_Work required_
Only the lines from the one with "We are also" through the last line of the data below are to be duplicated, exactly and without pictures.

-*-*-

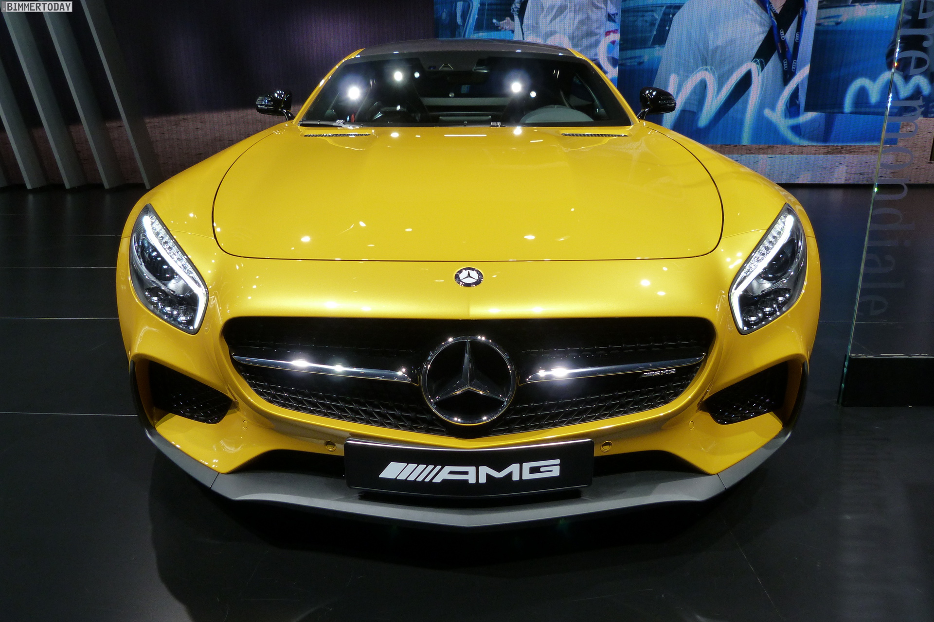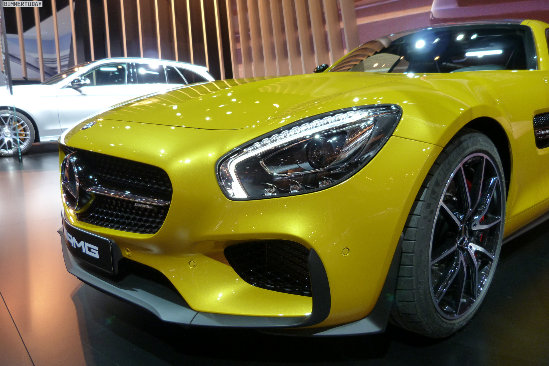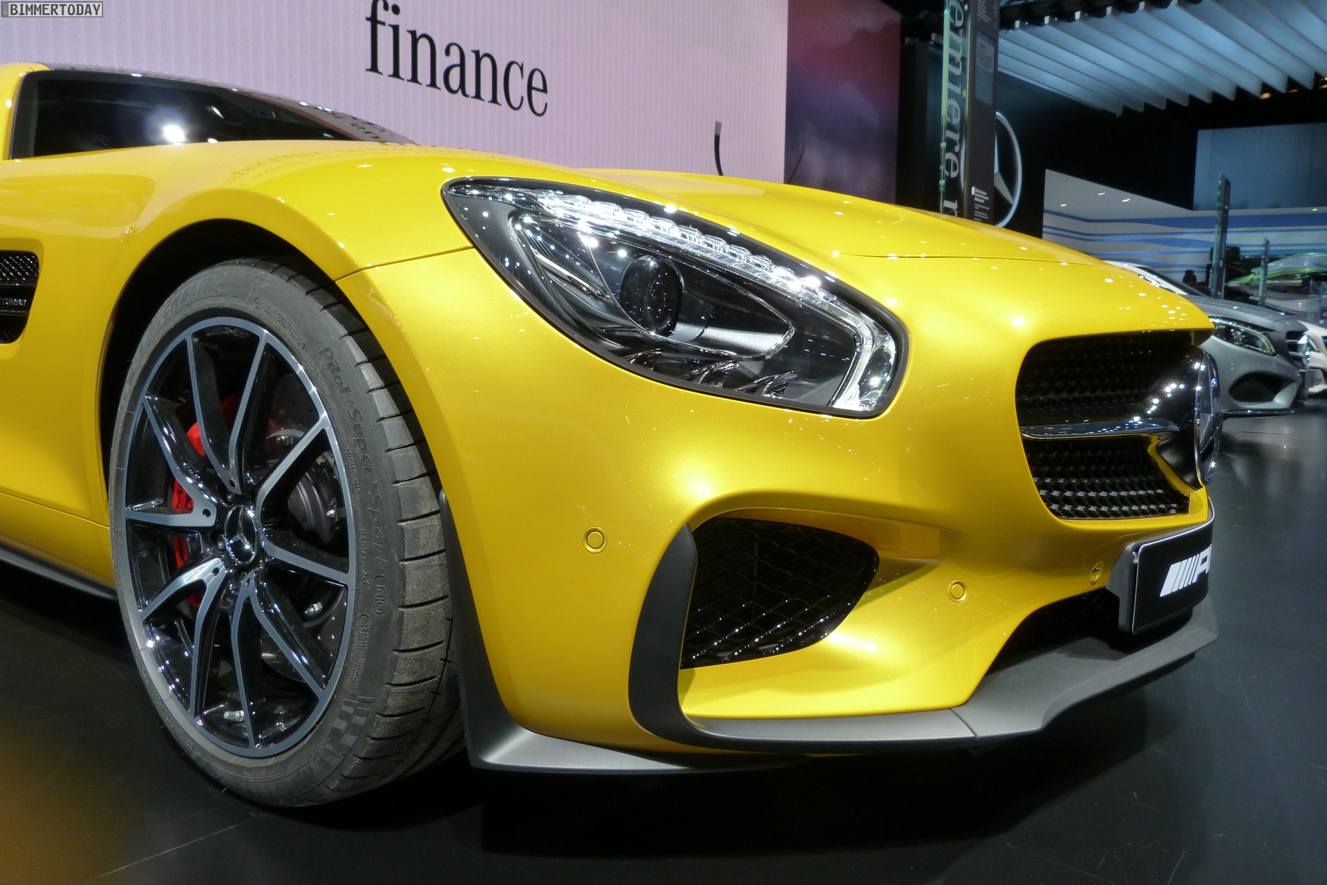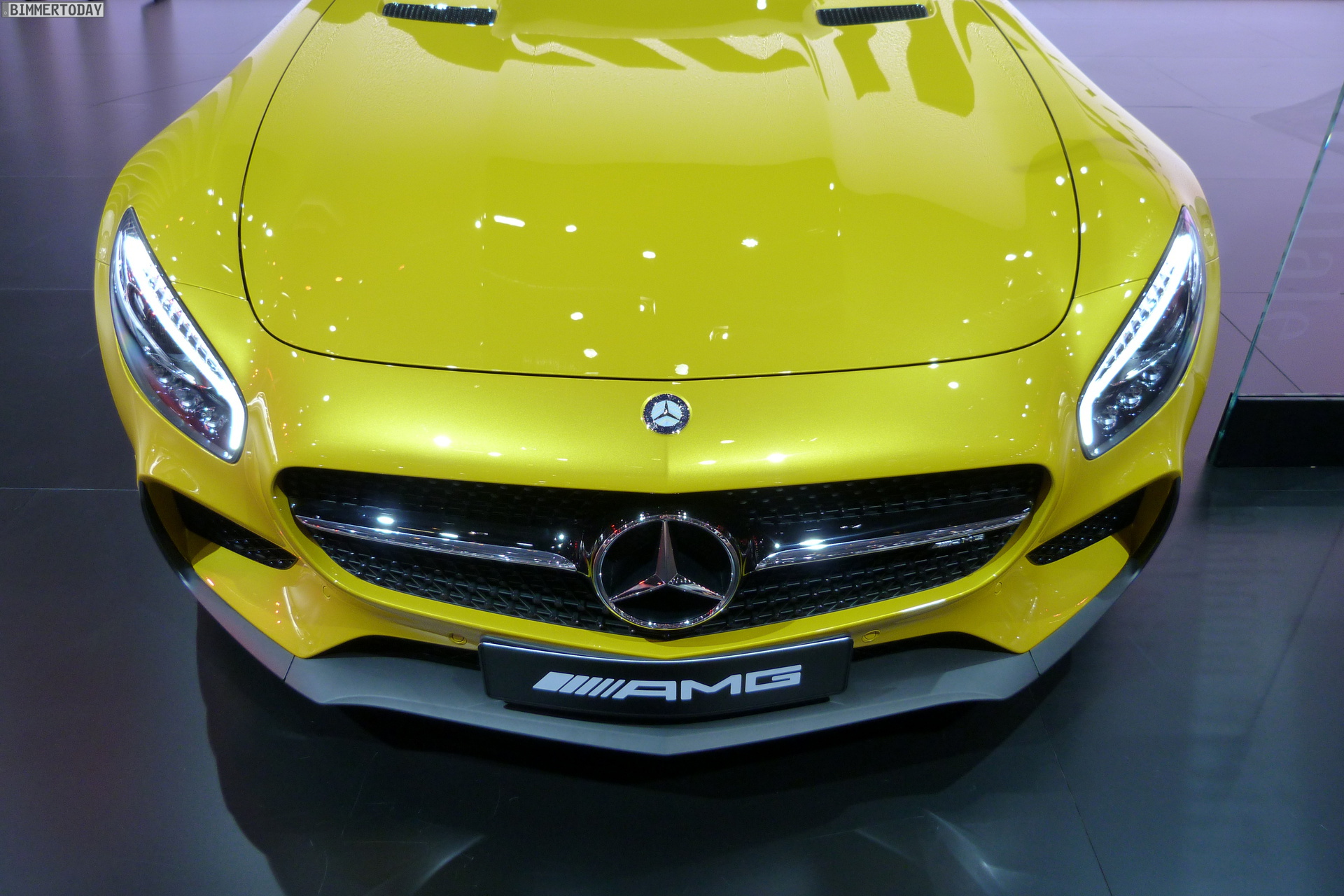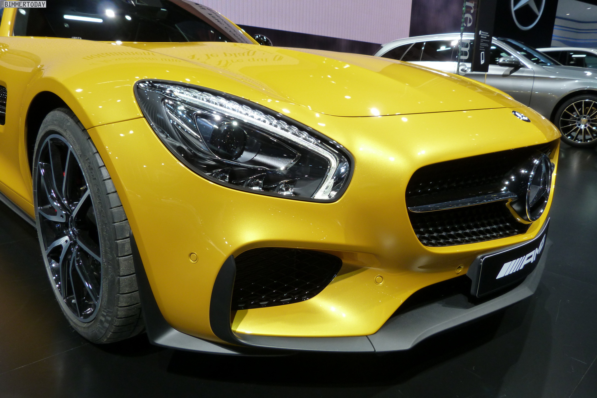 Neben dem “normalen” AMG GT steht in Paris auch die schärfere Mercedes AMG GT S Version in leuchtendem Gelb, wie unsere Live Fotos zeigen:
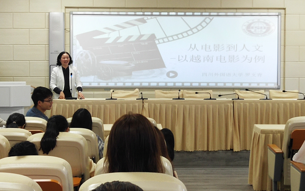 11月26日上午,东语系东盟语言文化教研室八个专业的全体师生在AE101教室聆听了四川外国语大学东方语学院院长罗文青教授的讲座《从电影到人文--以越南电影为例》。
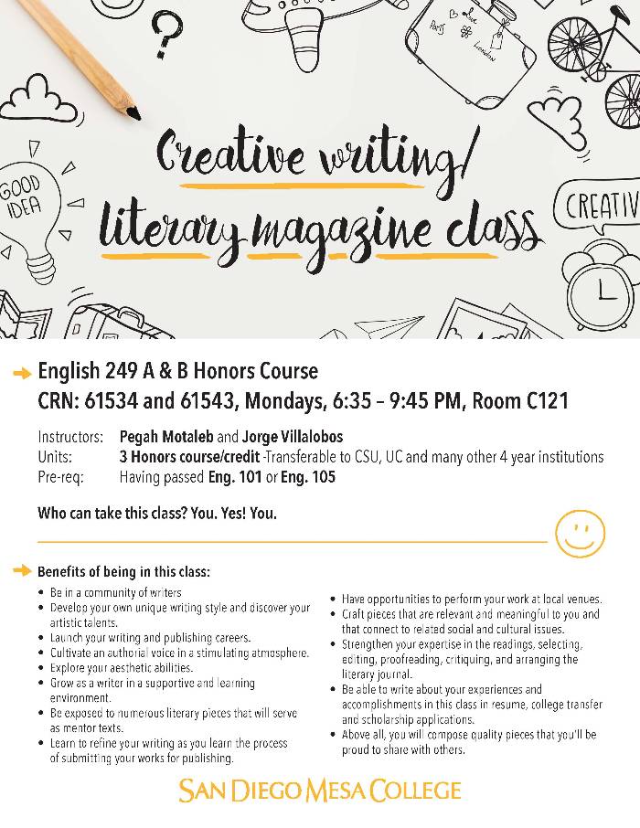 We are also promoting the English 249 A & B Honors Course, the creative writing magazine class. Anyone interested in taking the class is more than welcome! (more info on flyer in website link below)
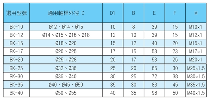 BK10 BK12 BK15 BK17 BK20 BK25 BK30 BK35 BK40
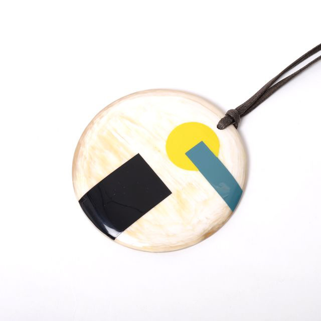加工した丸にプリントしたネックレス。軽い水牛の角でつくらえたネックレスです。両面お使いいただけます。軽い水牛の角で作られており、温かみのある素材感です。プレゼントにもおすすめです。収納袋付き。※全て天然物による水牛の角のためお色味の風合いなど1点1点異なります。また、着装画も全てイメージとなり実際のアイテムとお色味風合いが異なりますことご了承くださいませ。
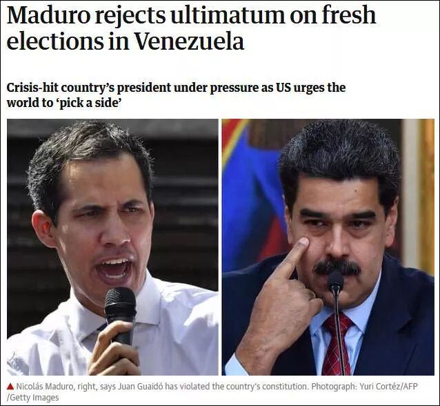 26日(周六),西班牙首相桑切斯、法国总统马克龙、德国政府发言人,以及英国外交部长亨特,先后发表声明,要求委内瑞拉重新选举,否则拒绝承认马杜罗政权,承认瓜伊多的“临时总统”身份。

-*-*-

_Answer to the exercise_
 We are also promoting the English 249 A & B Honors Course, the creative writing magazine class. Anyone interested in taking the class is more than welcome! (more info on flyer in website link below)
 BK10 BK12 BK15 BK17 BK20 BK25 BK30 BK35 BK40
加工した丸にプリントしたネックレス。軽い水牛の角でつくらえたネックレスです。両面お使いいただけます。軽い水牛の角で作られており、温かみのある素材感です。プレゼントにもおすすめです。収納袋付き。※全て天然物による水牛の角のためお色味の風合いなど1点1点異なります。また、着装画も全てイメージとなり実際のアイテムとお色味風合いが異なりますことご了承くださいませ。
 26日(周六),西班牙首相桑切斯、法国总统马克龙、德国政府发言人,以及英国外交部长亨特,先后发表声明,要求委内瑞拉重新选举,否则拒绝承认马杜罗政权,承认瓜伊多的“临时总统”身份。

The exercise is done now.